L’uomo e la macchina

Per esser grande l’uom creò la macchina,
e la rese perfetta in ogni ordigno.
    Nervi d’acciaio le donò; ed in vero
    parve ad essa donare anche il pensiero.

Ingranaggi, stantuffi, anse, cilindri,
tutto in essa ebbe schiavo al suo dominio:
    quand’egli volle e comandò, il motore
    batté col soffio d’un possente cuore.

E la macchina fu pari a una femmina
bella asservita a lui da un incantesimo.
    Ogni sua grazia occulta, ogni suo segno
    palese, ogni finezza di congegno

gli appartenne, fu carne e sangue e palpito
d’amante amata in pena ed in delizia:
    tutto di lei scrutò, strinse, plasmò,
    distrusse, ricostrusse, idoleggiò.

Sotto una tenda, avvolto in un cinereo
lucco d’artiere, fra strumenti e cinghie,
    dì e notte visse, in veglia intenta e cruda
    a fianco della sua macchina ignuda.

Scordò per essa le dolcezze semplici
della vita mortale, i cieli e l’acque,
    il desco bianco ove si frange un pane
    di pace e il cerchio delle cure umane.

L’erba scordò che dice all’uomo: «Stenditi
sulla freschezza mia, sogna, ristòrati»:
    — il sol che gonfia i germi e arrossa i tralci
    e fra le spighe il lampo delle falci.

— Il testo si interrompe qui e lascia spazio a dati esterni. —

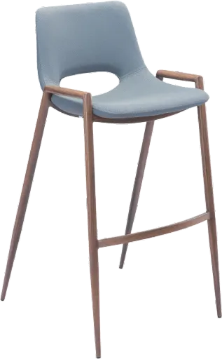 The Desi gray bar stool has mid-century modern urban lines and looks great in any space. With a heavy-duty vinyl covering and a sturdy steel frame, this bar stool fits in any home kitchen, dining area, or bar. The legs are finished in a durable walnut veneer coating. Available for Online Purchase Only. This product ships direct from the manufacturer, so RC Willey Delivery is not available.
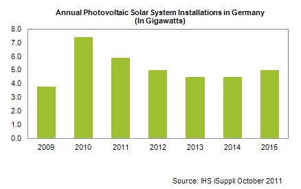 - 2011年德國光伏安裝量預計為5.9GW,較去年下降20.4%
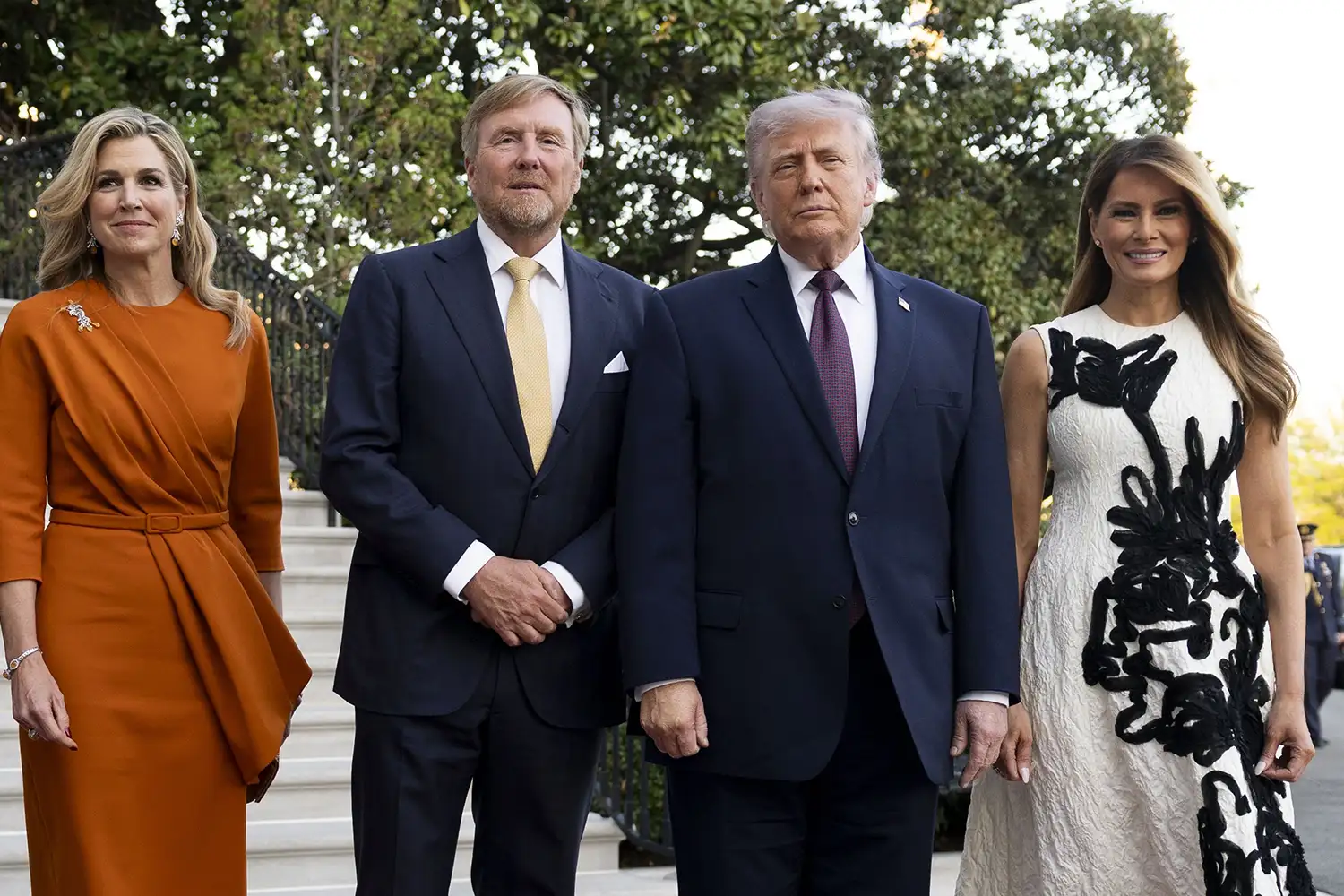 Заедничкото појавување на двете дами на црвениот килим беше сè што ваквите средби и треба да бидат – прецизно режиран спој на политика, протокол и мода. Покрај нив беше и холандскиот крал Вилем-Александер, со што дополнително беше нагласена формалноста на настанот.
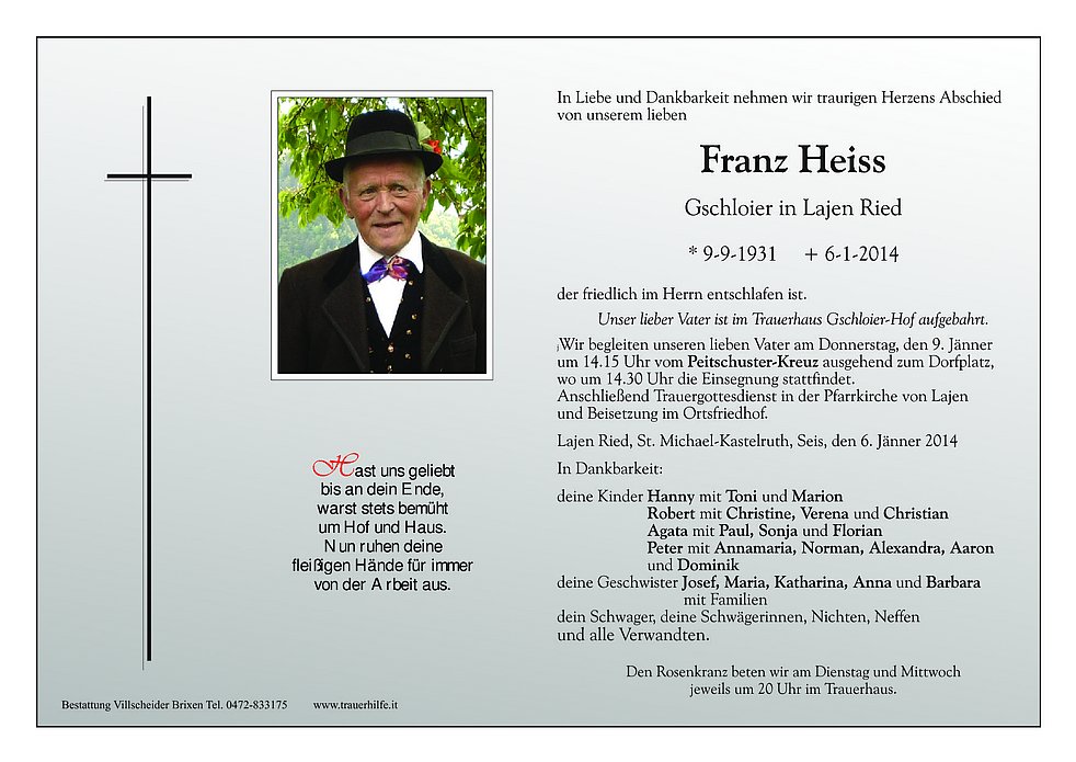Unser lieber Vater ist im Trauerhaus Gschloier-Hof aufgebahrt.
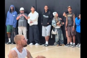 这人故意的吧离场时遭误认成勒布朗,哈登一脸不悦推开球迷!
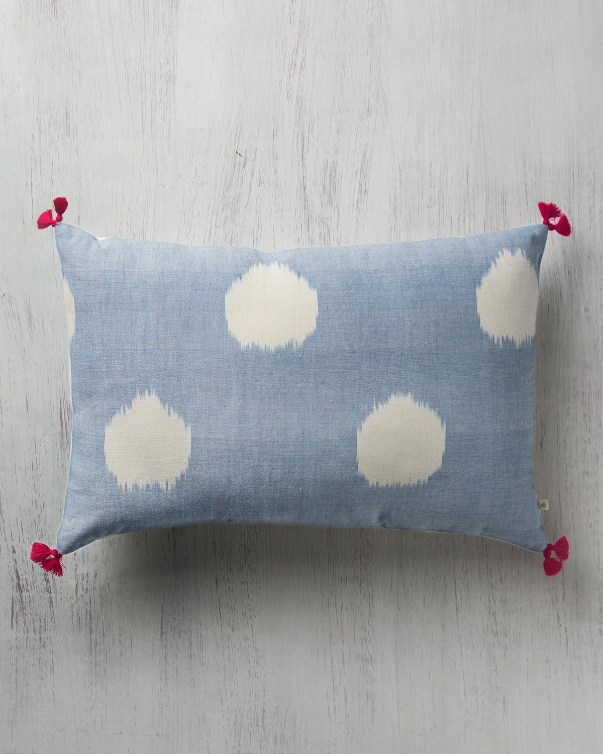 - A soft blue base peppered with big white polkas and yellow pom poms to add a little flourish, this cushion is perfect to fill out a cosy corner in your home
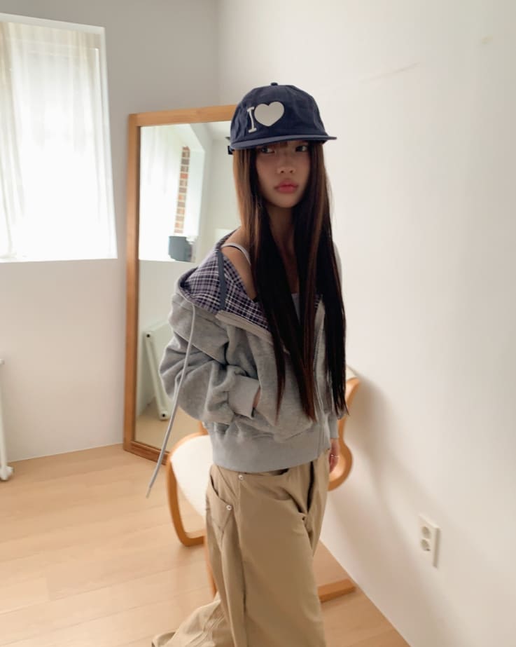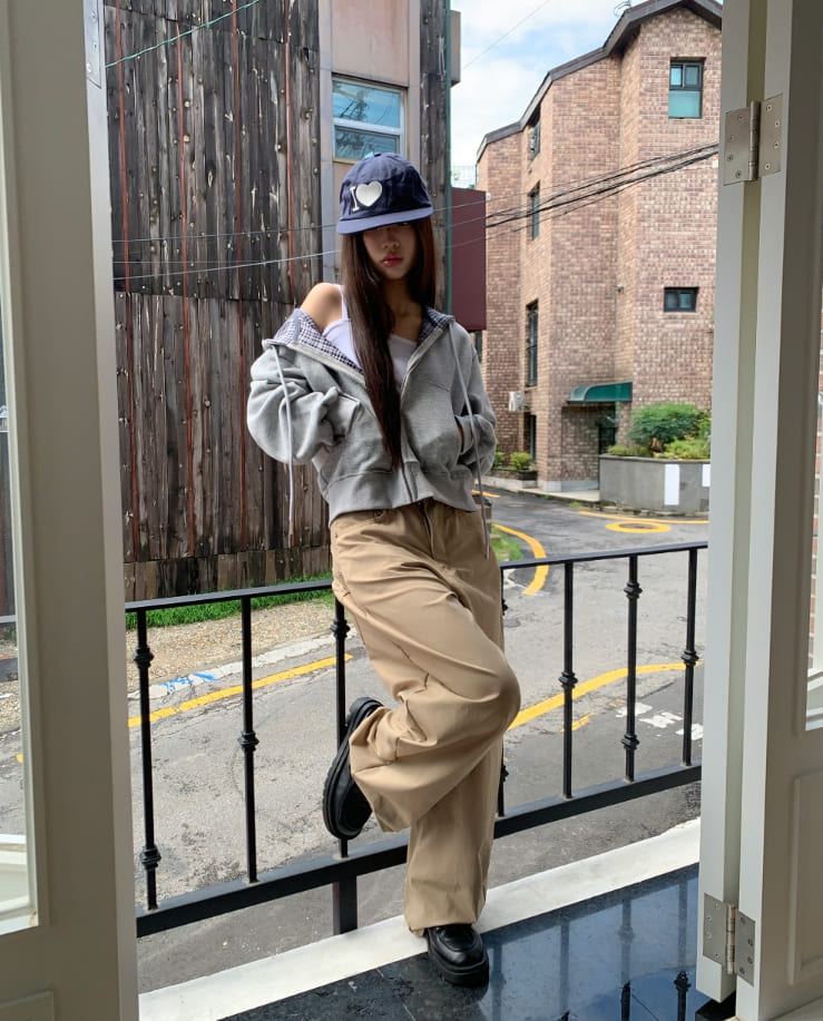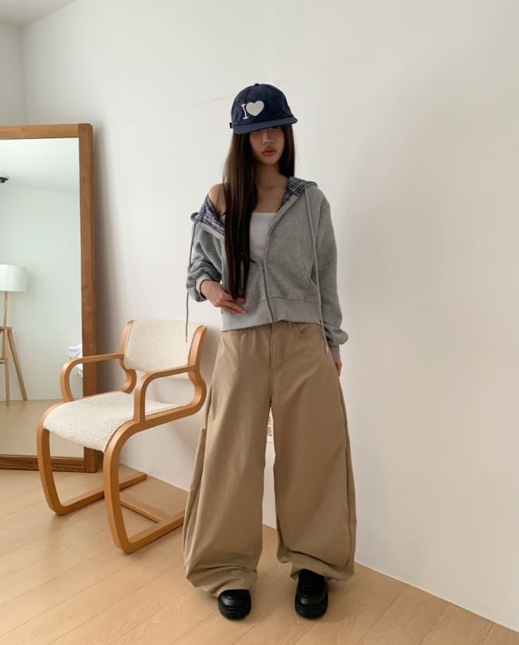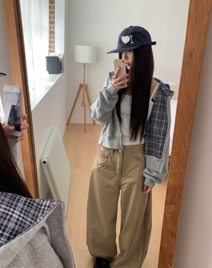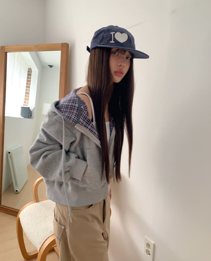 Mechi check color matching long sleeve hood zip-up

E tanto l’adorò ch’ella terribile
ne divenne, suo gaudio e sua superbia,
    idol d’acciaio fino ai denti armato,
    a conquiste implacabili creato.

E un dì ch’ei ne seguia, scosso da fremiti
d’orgoglio, il gioco delle ferree vertebre,
    ratta il ghermì, sé del suo sangue intrise,
    più bella al sol perfidamente rise.